Os indíces na bolsa caem, assim como a conta de muitos investidores. Keystone

A crise mundial nos mercados financeiros também atinge pequenos e médios poupadores na Suíça.

Muitos deles perderam todas ou grande parte das economias ao investir em papéis do falido banco americano de investimentos Lehman Brothers, vendidos pelos seus próprios bancos como produtos “à prova” de crise.

A rejeição do pacote econômico de US$ 700 bilhões de ajuda ao sistema financeiro pela Câmara americana provocou um choque mundial. As bolsas caíram em todo o mundo – o índice Dow Jones registrou a maior queda em pontos de todos os tempos – e muitos cidadãos começam a temer que os perdedores da maior crise da história recente não serão apenas os banqueiros de “Wall Street”.
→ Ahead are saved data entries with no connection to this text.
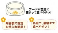 お皿の底面が丸くなっているので、フードがいつも中央に集まって食べやすい食器です。
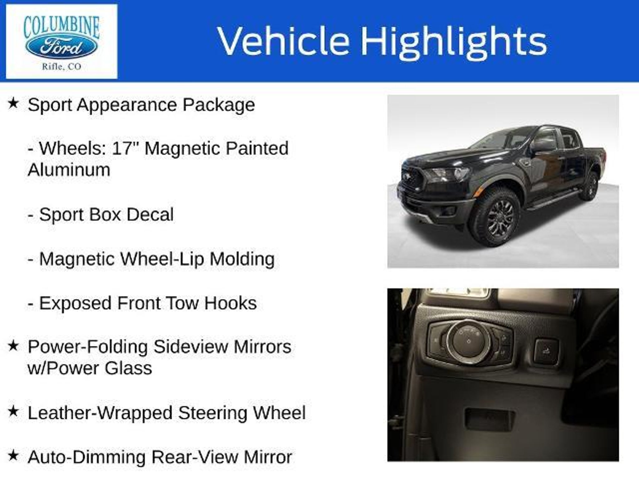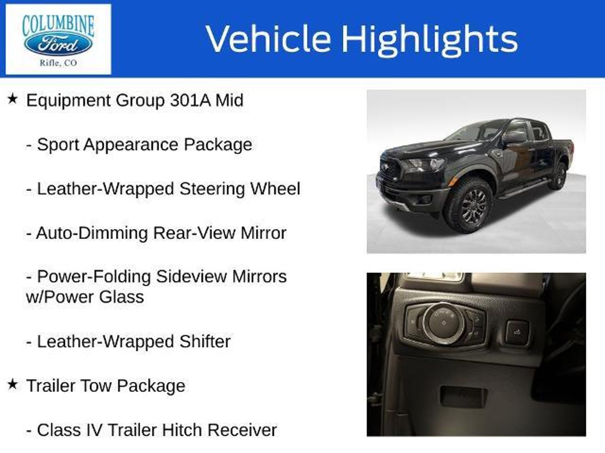 Bargain Corral!!! Welcome to our Bargain Corral Program, where value and transparency come standard. At Columbine Ford, we know our communities need reliable, affordable vehicles?especially those with a little extra mileage or a few more years behind them. Instead of fully reconditioning these solid pre-owned vehicles (and pricing them out of reach) or wholesaling them to dealers who sell them without disclosure, we offer them as-is, clearly inspected, and competitively priced. Any vehicle over 10 years old or 100,000 miles typically qualifies. Take advantage of exceptional savings and drive home a well-loved vehicle with plenty of life left to give! - Sport Appearance Package - Trailer Tow Package - Power-Folding Sideview Mirrors w/Power Glass - Auto-Dimming Rear-View Mirror - Leather-Wrapped Shifter - Leather-Wrapped Steering Wheel - Class IV Trailer Hitch Receiver This 2020 Ford Ranger XLT is a rugged and capable off-road companion, ready to take you on your next adventure. Equipped with the EcoBoost 2.3L I4 GTDi DOHC Turbocharged VCT engine and 4-wheel drive, this Ranger delivers impressive power and performance. The FX4 Off-Road Package adds even more capability, with features like an exposed steel bash plate, off-road-tuned suspension, and an electronic-locking rear differential. Beyond its impressive performance, this Ranger also offers a host of premium features that elevate the driving experience. The Sport Appearance Package gives the exterior a bold, sporty look, while the Trailer Tow Package ensures you can confidently haul your gear. Inside, you'll enjoy the convenience of power-folding side mirrors, an auto-dimming rearview mirror, and a leather-wrapped steering wheel and shifter. Whether you're tackling rugged terrain or navigating the daily commute, this 2020 Ford Ranger XLT is a versatile and well-equipped companion. With its blend of capability, comfort, and convenience, it's the perfect choice for those who demand more from their truck. At Columbine Ford, we're proud to be Western Colorado's most trusted dealership and a multi-year recipient of Ford's prestigious President's Award for exceptional customer satisfaction. Our team is committed to honesty, transparency, and delivering a hassle-free buying experience on every visit. Whether you're shopping new or pre-owned, you'll find unbeatable service, western Colorado's largest selection of vehicles, competitive pricing, and a dealership that truly cares. Visit us at 2828 Railroad Ave., Rifle, CO 81650 or call 970-625-1680. Exper
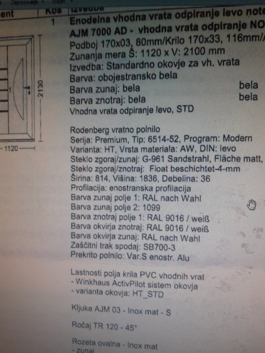 prodam vhodna AJM vrata-krilo, brez podboja. proizvajalec podjetje AJM doo.
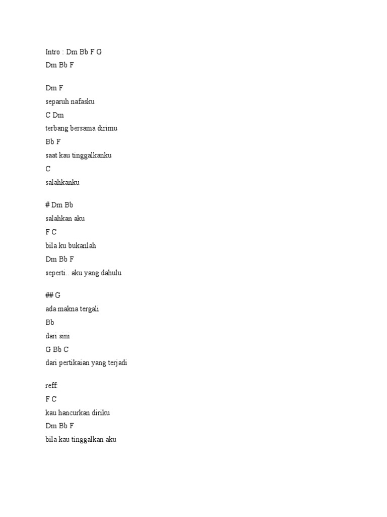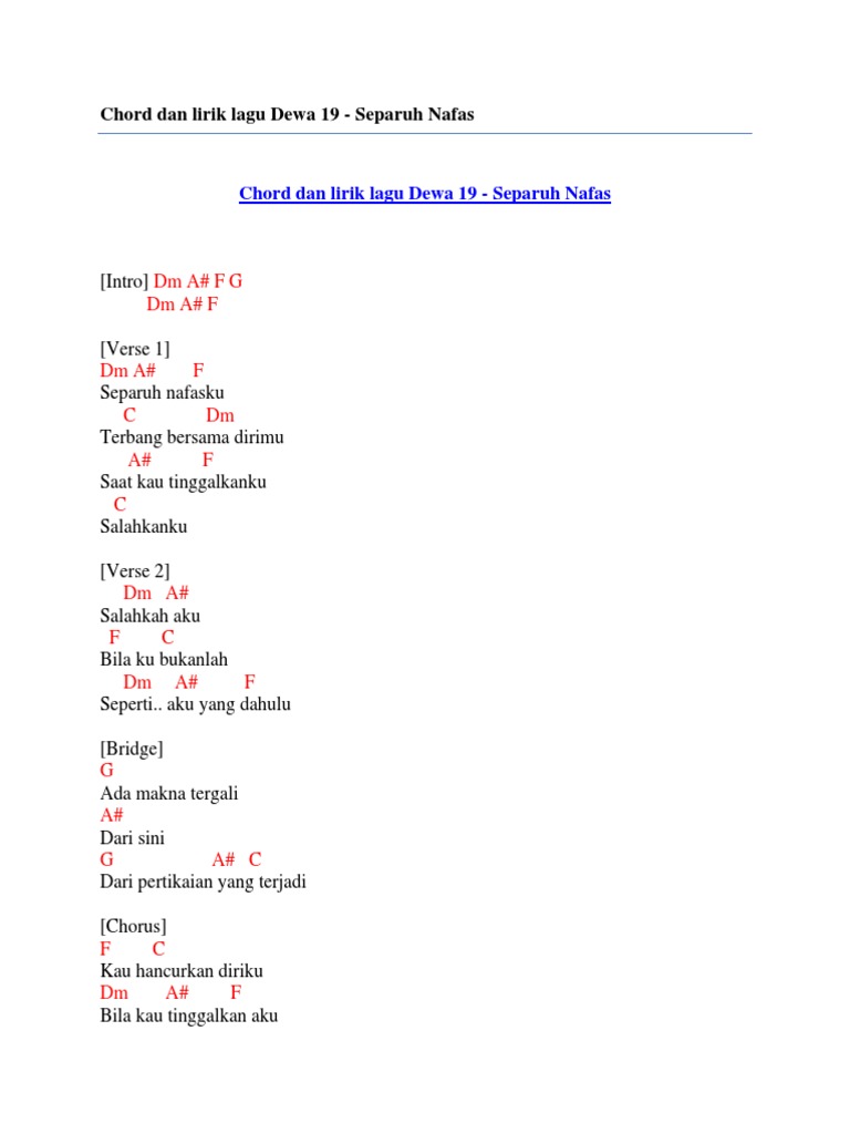 Chord Separuh Nafas - Dewa 19: Separuh Nafasku Terbang Bersama …

Na verdade “Main Street”, expressão em inglês utilizada nos jornais anglo-saxônicos para designar o americano comum – dono de uma casa hipotecada, endividado nos cartões de crédito e com um fundo de pensão baseado em ações – já teme pelo seu próprio futuro. E com ele, o mundo inteiro.

O pânico que tomou conta dos mercados é cada vez mais difícil de ser compreendido pelas pessoas normais. Por que alguns bancos estão falindo e qual as conseqüências para mim? Por que não apenas os Estados Unidos, mas também outros governos precisam executar planos de salvamento que irão custar bilhões aos cofres públicos? Até especialistas se contradizem na apresentação de soluções.

Perdas na Suíça

Na Suíça a crise também se faz sentir. Porém engana-se quem acha que apenas os operadores e analistas dos bancos helvéticos estão chorando o ano que irá terminar sem a tradicional bonificação. Na realidade, a primeira grande vítima é o poupador suíço.
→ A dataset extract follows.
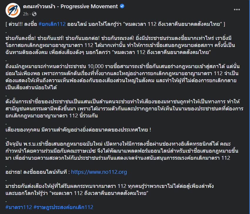 เมื่อวันที่ 5 พ.ย. 2564 เฟซบุ๊กคณะก้าวหน้าได้โพสต์ข้อความ ผ่านทางเฟซบุ๊ก เชิญชวนให้ประชาชนร่วมลงชื่อ ยกเลิกม.112 หรือมาตรา 112 โดยมีเนื้อหาระบุว่า

Alguns analistas acreditam que as perdas de pequenos e médios investidores suíços devido à falência do Lehman Brothers pode chegar a 650 milhões de francos. Desde que o quarto maior banco de investimentos norte-americano fechou as suas portas em 10 de setembro, inúmeros casos de pessoas prejudicadas têm sido noticiados pela imprensa helvética. O seu desespero ecoa em histórias dramáticas.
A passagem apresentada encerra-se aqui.